Today we have officials and experts who continually warn about carry trade bubbles.



This is the latest figures from the Bank of International Settlements which shows of external claims of BIS reporting banks.

This from BIS, (all bold highlights mine)

``Banks’ external claims continued to decline in the third quarter of 2009, falling by 1% ($235 billion) to $30.6 trillion. $36 billion of new claims on non-banks in emerging markets (up 3%) were balanced by $32 billion (down 0.4%) in reductions to non-banks in developed countries. Cross-border claims on banks in developed countries dropped by a further 1% ($181 billion) after a 2% decrease in the second quarter of 2009, and total interbank claims continued to decrease, although at a reduced pace, for the fourth consecutive quarter, by $224 billion or 1%

"Location of counterparties: Claims on non-banks in Latin America and Asia increased by $18 billion (7%) and $16 billion (6%), respectively.
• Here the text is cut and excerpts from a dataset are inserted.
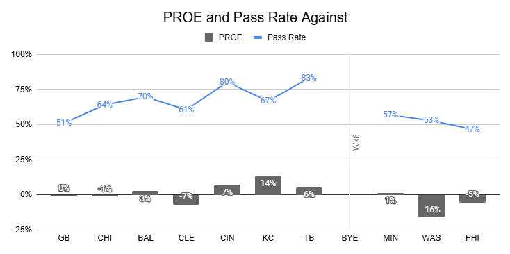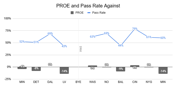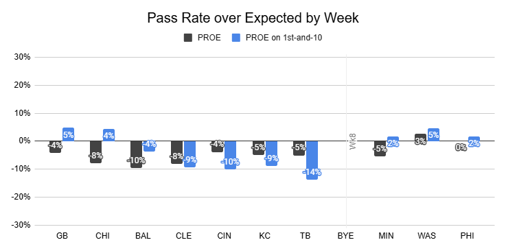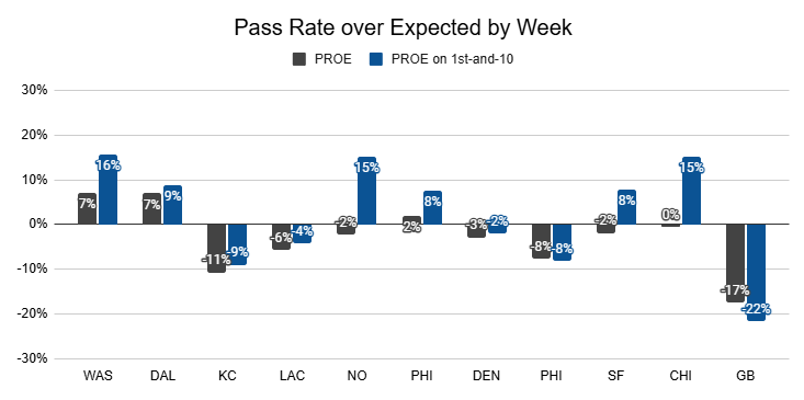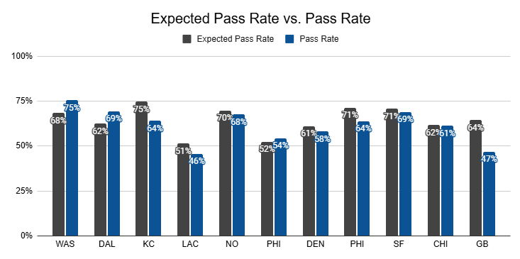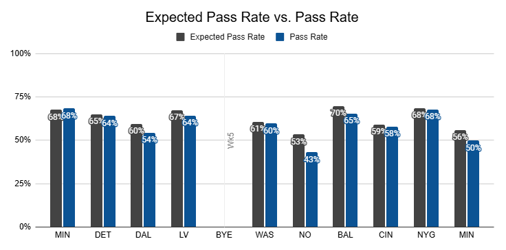 Dart's first start against the Chargers was the only game this year in which the Giants passed less frequently, and that was in a win with positive game script. Last week, Kafka refused to pass despite a game script that called for it.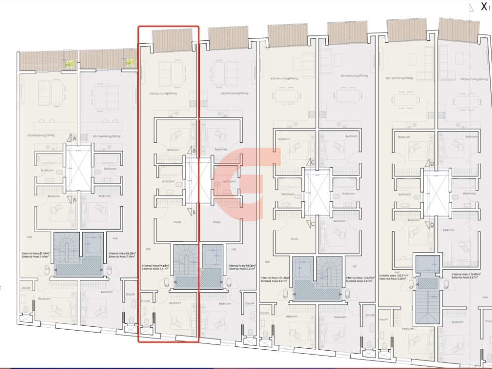 The apartment is located in a tranquil area, complemented by a large communal pool. The typical layout comprises a kitchen/dining/living, 2 double bedrooms, a study, 2 bathrooms (main en-suite), internal yard back balcony. Including this property, there is a one-car garage.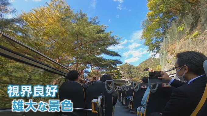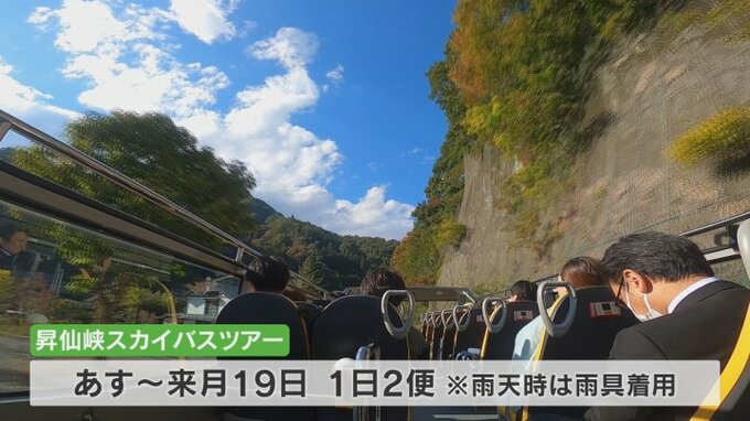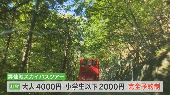 昇仙峡スカイバスは完全予約制で、料金は大人4000円、あす21日から11月19日までの30日間、1日2便運行されます。雨の場合は雨具を着て乗車するということです。

"Instruments: Loans declined across all regions, while holdings of securities picked up everywhere except in offshore centres.

"Currencies: Banks’ cross-border claims denominated in US dollars increased for the first time since the third quarter of 2008, by $154 billion or 1%. This was more than accounted for by a $240 billion increase in US and Caribbean interbank claims on other Caribbean centres, the United States and the United Kingdom.

"Foreign currency claims on residents of reporting countries: Claims in US dollars, sterling, euros, Swiss francs and yen declined further, by $88 billion or 2% (after $65 billion in the previous quarter), while claims in other foreign currencies went up by $32 billion (14%)."

Given the figures and the charts above does this look anywhere like a carry trade?

Next we don't have another banking gridlock. What's being touted as the reason for the rally in the US dollar has been "tightening".

We think this is nothing but a hooey, see [What Has Pavlov’s Dogs And Posttraumatic Stress Got To Do With The Current Market Weakness?]

Beware of propaganda masquerading as analysis.